Task directions
All records must be quoted exactly. Omit the pictures.

Dataset extract
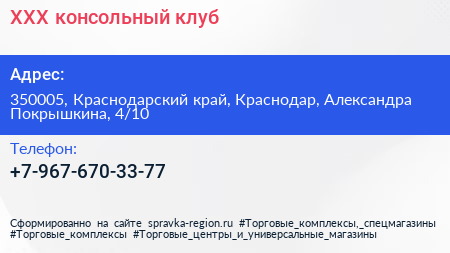 XXX, консольный клуб по адресу 350005, Краснодарский край, Краснодар, Александра Покрышкина, 4/10 в дальнейшем Организация, размещена в следующих категориях:
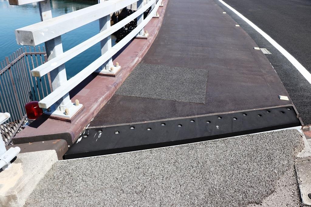 橋が開いた状態のとき見えていた欄干部です。歩道側の欄干には「手結港可動橋 2002.9」の記されていて、連結部には厚目のゴムが取り付けられ綺麗に繫がっています。
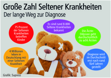 Der Begriff Seltene Krankheiten signalisiert auf den ersten Blick, dass es nur wenige Menschen gibt, die an solchen Erkrankungen leiden. Das ist allerdings nicht der Fall. Rund vier Millionen Menschen, Kinder und Erwachsene, sind nach Schätzungen in Deutschland von solchen Erkrankungen betroffen. Mit rund 75 Prozent der Fälle leiden daran vor allem Kinder. Der Begriff der Seltenen Krankheit signalisiert eher, dass die Ärzte in der Praxis selten mit diesen Krankheiten konfrontiert werden. Es gibt bis zu 8.000 solche Erkrankungen. Diese kann ein Mediziner, da sie in seinem Praxisalltag nur selten vorkommen, natürlich nicht alle kennen. Und hier liegt das eigentliche Problem. Den Patienten, die spüren, wie ihre Krankheit mit zunehmenden Einschränkungen und Behinderungen fortschreitet, wird nicht geholfen. Behandeln kann man nur Krankheiten, die man kennt und erkennt.
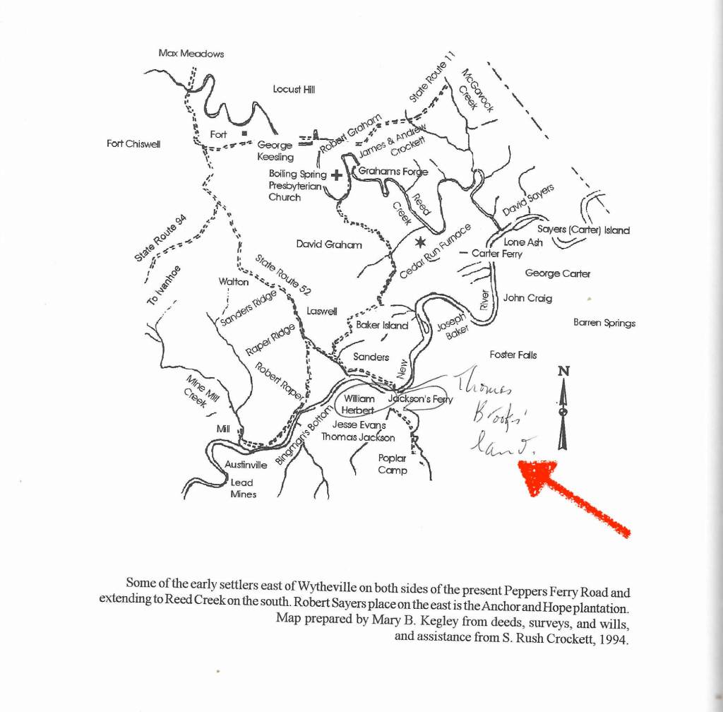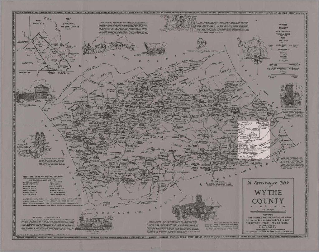 [32] John R. Hildebrand, F.B. Kegley, Mary B. Kegley ,and Roanoke Valley Historical Society, A Settlement Map of Wythe County, Virginia: Giving the Names and Locations of Many of the Early Adventurers in the Territory — From 1745 to 1858 (Roanoke, Virginia: Roanoke Valley Historical Society, 1974).
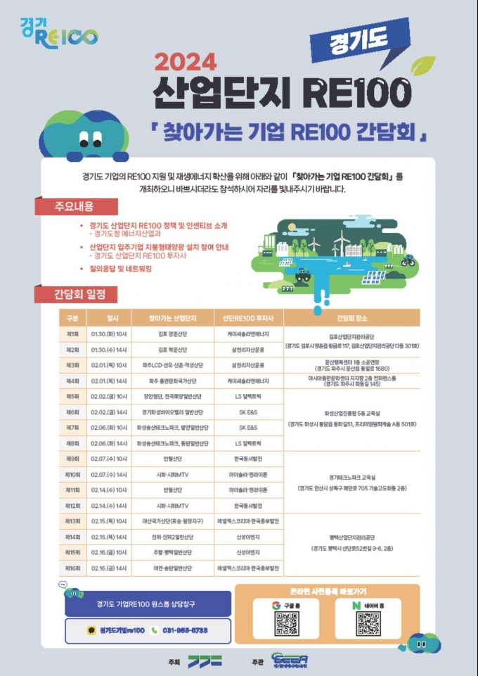 간담회는 산업단지 입주기업 외에 개별입지 기업에서도 참여할 수 있으며, 온라인 사전등록은 원스톱 상담센터인 '경기도 기업 RE100' 카카오톡 채널을 통해서도 가능하다.
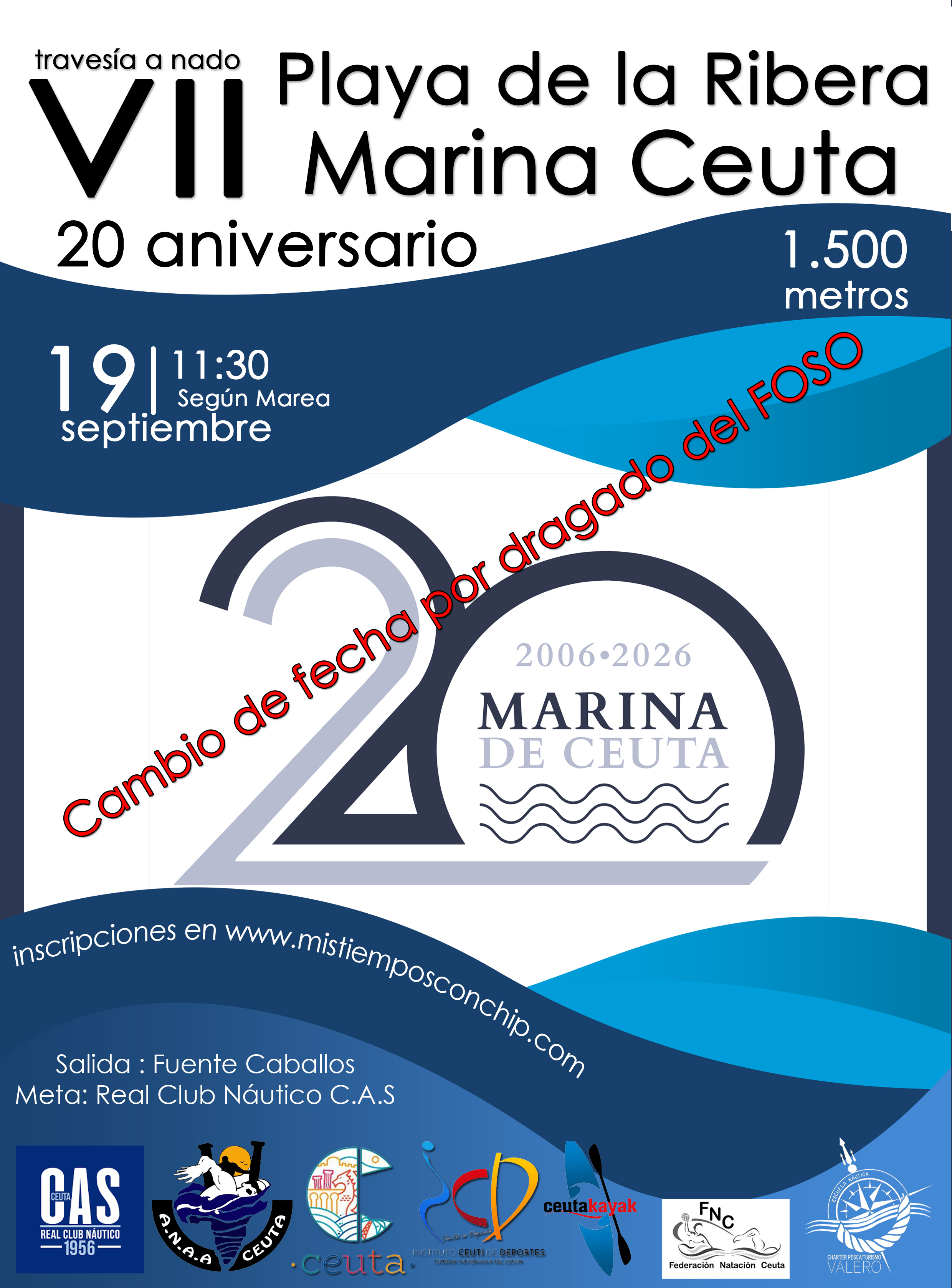 La Asociación de Natación en Aguas Abiertas de Ceuta ha informado este sábado del aplazamiento de la Travesía Ribera-Marina Ceuta, inicialmente prevista para el próximo 9 de mayo, debido a los trabajos de dragado del Foso que han comenzado este viernes. La prueba se celebrará finalmente el 19 de septiembre, tras la imposibilidad de garantizar el desarrollo normal del evento en la fecha original.
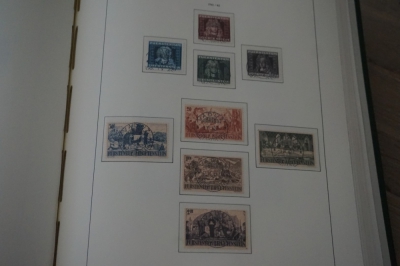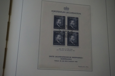 Leuchtturm album Liechtenstein 1912-1974 met gestempelde topverzameling postzegels in mooie kwaliteit incl. hoge waarden, blok 1 (€ 3000), tandingvariëteiten, dienstzegels, etc. Michel cataloguswaarde is ong. € 20.000.
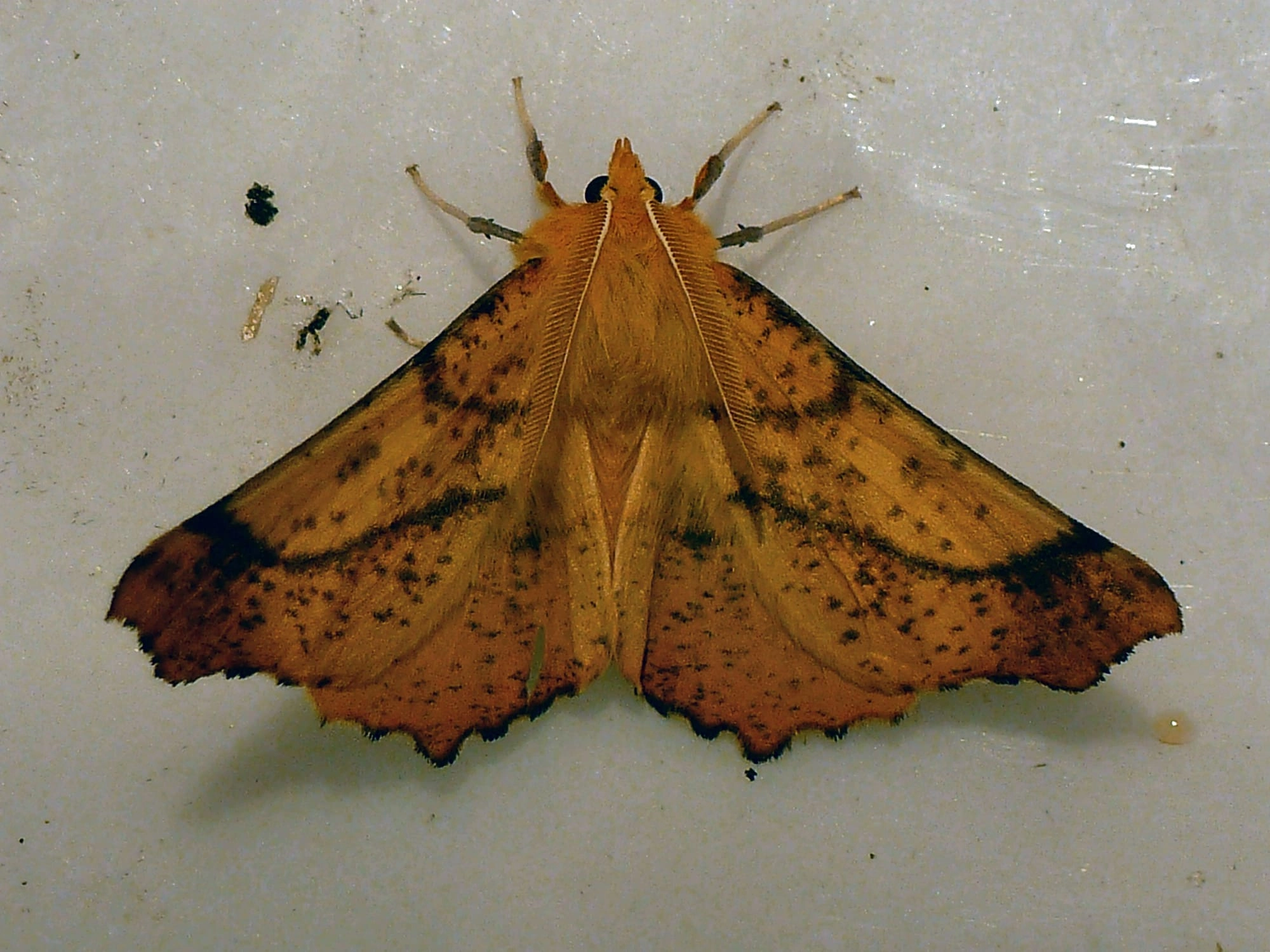 Voorvleugellengte: 21-28 mm. Deze spanner houdt, evenals de andere Ennomos-soorten, de vleugels in rust schuin omhoog. De donkere spikkeling varieert sterk in dichtheid maar ontbreekt zelden. De intensiteit van de dwarslijnen varieert. Het mannetje heeft geveerde antennen, het vrouwtje ongeveerde. De vrouwtjes zijn veel groter dan die van de andere Ennomos-soorten, de mannetjes zijn ongeveer even groot als de vrouwtjes van de andere soorten.
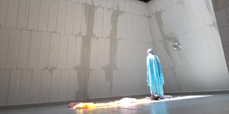 "Kalau hujan, airnya merembes ke dalam dari atas, kena mukena," komentar perempuan tua yang datang belakangan itu kepada perempuan yang menjemur mukena-mukena tersebut.
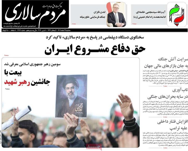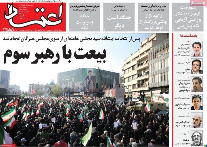 تصاویر روزنامه‌های امروز سه شنبه ۱۹ اسفند ۱۴۰۴ را می‌بینید.
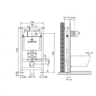 Cisterna con bastidor OLI74 PLUS Sanitarblock. Para pulsador NO TOUCH. Para inodoros suspendidos en tabiquería ligera.
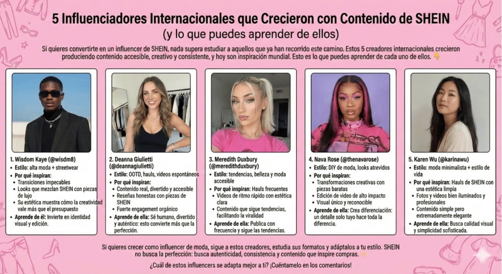 ✨ 5 Influencers Internacionales que Crecieron Gracias a Contenidos de SHEIN (y lo que Puedes Aprender de Ellas)
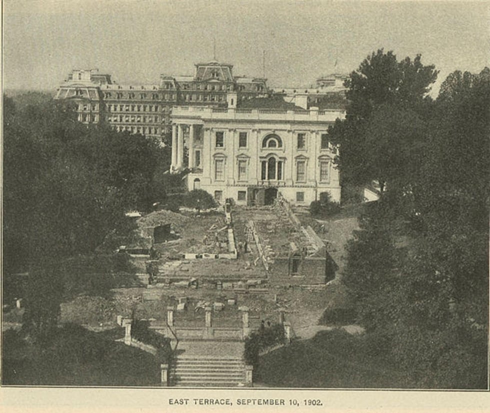 - En 1902, le président Theodore Roosevelt fit construire l'aile ouest, remplaçant les vastes serres construites à l'époque de Jefferson. Avec cette intervention, il a créé l'aile actuelle du bureau de direction avec un design d'inspiration classique. De plus, il intègre un jardin de style colonial et une terrasse orientale, un espace qui donnera plus tard naissance à l'aile Est.
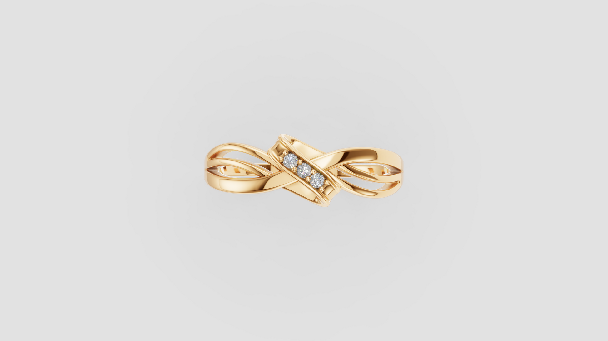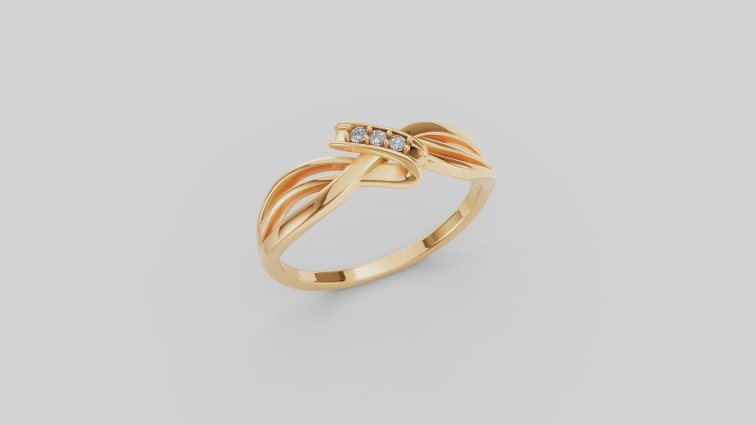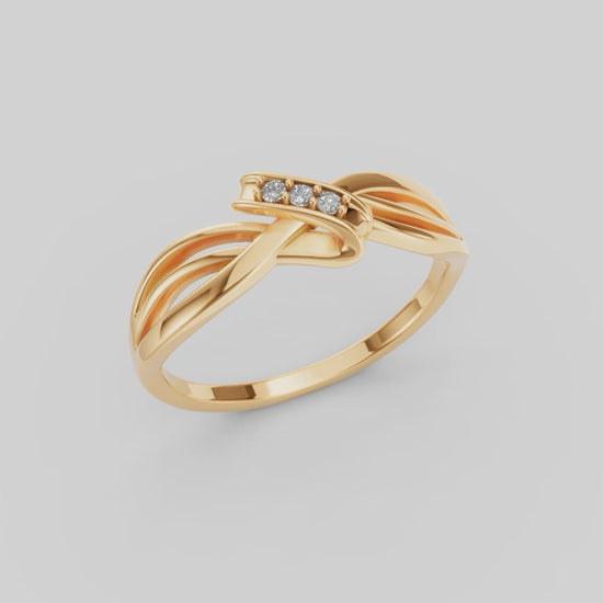 El diseño cruzado simula un abrazo estilizado donde la banda del anillo se divide y se envuelve sobre sí misma mientras tres diamantes se encuentran en el centro, generando armonía visual y dándole un carácter elegante y atemporal.
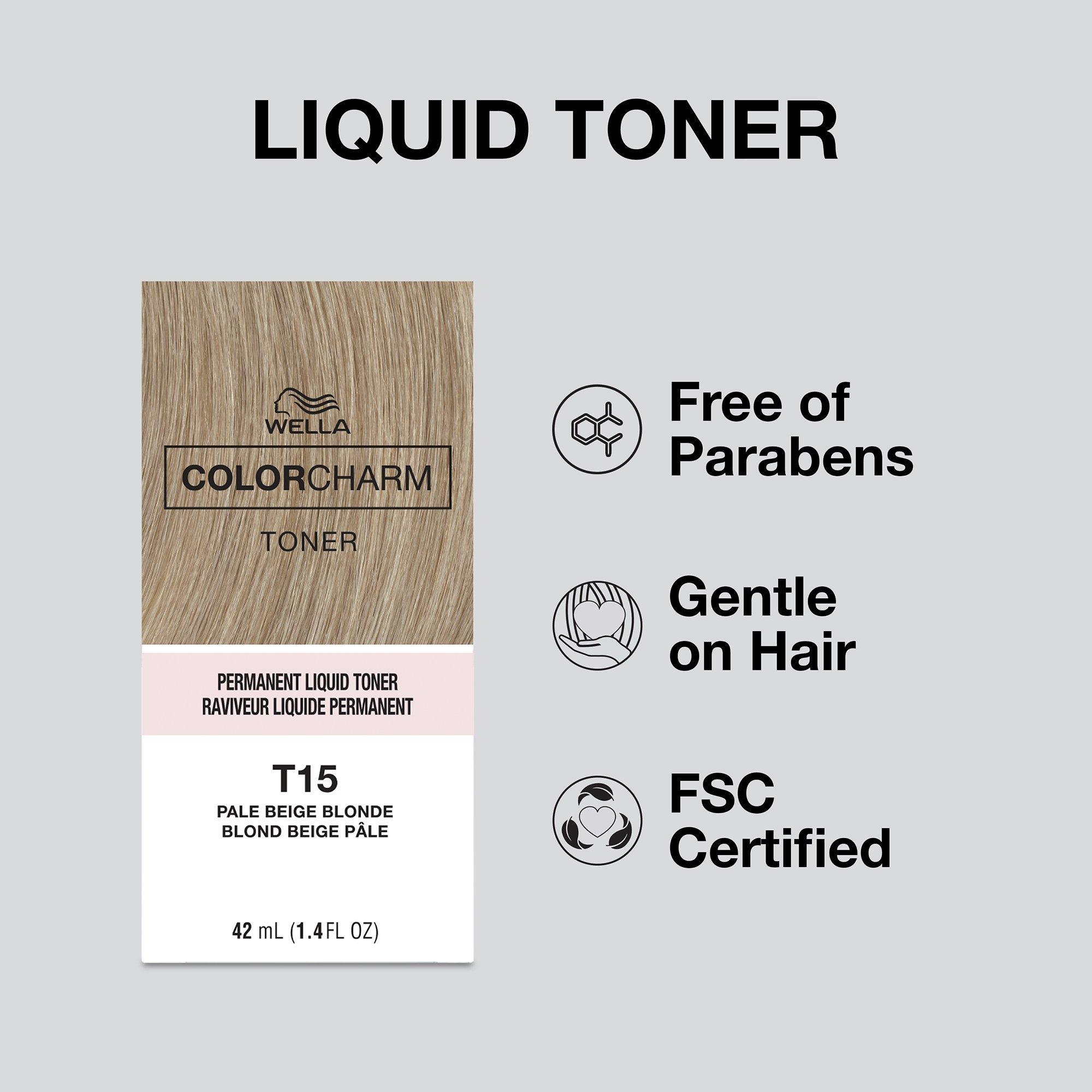 Wella Colorcharm Liquid Hair Toner is ideal to create pure double-process blonde hair color results. This toner removes remaining "brass" for perfect blondes every time.

Task solution
 XXX, консольный клуб по адресу 350005, Краснодарский край, Краснодар, Александра Покрышкина, 4/10 в дальнейшем Организация, размещена в следующих категориях:
 橋が開いた状態のとき見えていた欄干部です。歩道側の欄干には「手結港可動橋 2002.9」の記されていて、連結部には厚目のゴムが取り付けられ綺麗に繫がっています。
 Der Begriff Seltene Krankheiten signalisiert auf den ersten Blick, dass es nur wenige Menschen gibt, die an solchen Erkrankungen leiden. Das ist allerdings nicht der Fall. Rund vier Millionen Menschen, Kinder und Erwachsene, sind nach Schätzungen in Deutschland von solchen Erkrankungen betroffen. Mit rund 75 Prozent der Fälle leiden daran vor allem Kinder. Der Begriff der Seltenen Krankheit signalisiert eher, dass die Ärzte in der Praxis selten mit diesen Krankheiten konfrontiert werden. Es gibt bis zu 8.000 solche Erkrankungen. Diese kann ein Mediziner, da sie in seinem Praxisalltag nur selten vorkommen, natürlich nicht alle kennen. Und hier liegt das eigentliche Problem. Den Patienten, die spüren, wie ihre Krankheit mit zunehmenden Einschränkungen und Behinderungen fortschreitet, wird nicht geholfen. Behandeln kann man nur Krankheiten, die man kennt und erkennt.
 [32] John R. Hildebrand, F.B. Kegley, Mary B. Kegley ,and Roanoke Valley Historical Society, A Settlement Map of Wythe County, Virginia: Giving the Names and Locations of Many of the Early Adventurers in the Territory — From 1745 to 1858 (Roanoke, Virginia: Roanoke Valley Historical Society, 1974).
 간담회는 산업단지 입주기업 외에 개별입지 기업에서도 참여할 수 있으며, 온라인 사전등록은 원스톱 상담센터인 '경기도 기업 RE100' 카카오톡 채널을 통해서도 가능하다.
 La Asociación de Natación en Aguas Abiertas de Ceuta ha informado este sábado del aplazamiento de la Travesía Ribera-Marina Ceuta, inicialmente prevista para el próximo 9 de mayo, debido a los trabajos de dragado del Foso que han comenzado este viernes. La prueba se celebrará finalmente el 19 de septiembre, tras la imposibilidad de garantizar el desarrollo normal del evento en la fecha original.
 Leuchtturm album Liechtenstein 1912-1974 met gestempelde topverzameling postzegels in mooie kwaliteit incl. hoge waarden, blok 1 (€ 3000), tandingvariëteiten, dienstzegels, etc. Michel cataloguswaarde is ong. € 20.000.
 Voorvleugellengte: 21-28 mm. Deze spanner houdt, evenals de andere Ennomos-soorten, de vleugels in rust schuin omhoog. De donkere spikkeling varieert sterk in dichtheid maar ontbreekt zelden. De intensiteit van de dwarslijnen varieert. Het mannetje heeft geveerde antennen, het vrouwtje ongeveerde. De vrouwtjes zijn veel groter dan die van de andere Ennomos-soorten, de mannetjes zijn ongeveer even groot als de vrouwtjes van de andere soorten.
 "Kalau hujan, airnya merembes ke dalam dari atas, kena mukena," komentar perempuan tua yang datang belakangan itu kepada perempuan yang menjemur mukena-mukena tersebut.
 تصاویر روزنامه‌های امروز سه شنبه ۱۹ اسفند ۱۴۰۴ را می‌بینید.
 Cisterna con bastidor OLI74 PLUS Sanitarblock. Para pulsador NO TOUCH. Para inodoros suspendidos en tabiquería ligera.
 ✨ 5 Influencers Internacionales que Crecieron Gracias a Contenidos de SHEIN (y lo que Puedes Aprender de Ellas)
 - En 1902, le président Theodore Roosevelt fit construire l'aile ouest, remplaçant les vastes serres construites à l'époque de Jefferson. Avec cette intervention, il a créé l'aile actuelle du bureau de direction avec un design d'inspiration classique. De plus, il intègre un jardin de style colonial et une terrasse orientale, un espace qui donnera plus tard naissance à l'aile Est.
 El diseño cruzado simula un abrazo estilizado donde la banda del anillo se divide y se envuelve sobre sí misma mientras tres diamantes se encuentran en el centro, generando armonía visual y dándole un carácter elegante y atemporal.
 Wella Colorcharm Liquid Hair Toner is ideal to create pure double-process blonde hair color results. This toner removes remaining "brass" for perfect blondes every time.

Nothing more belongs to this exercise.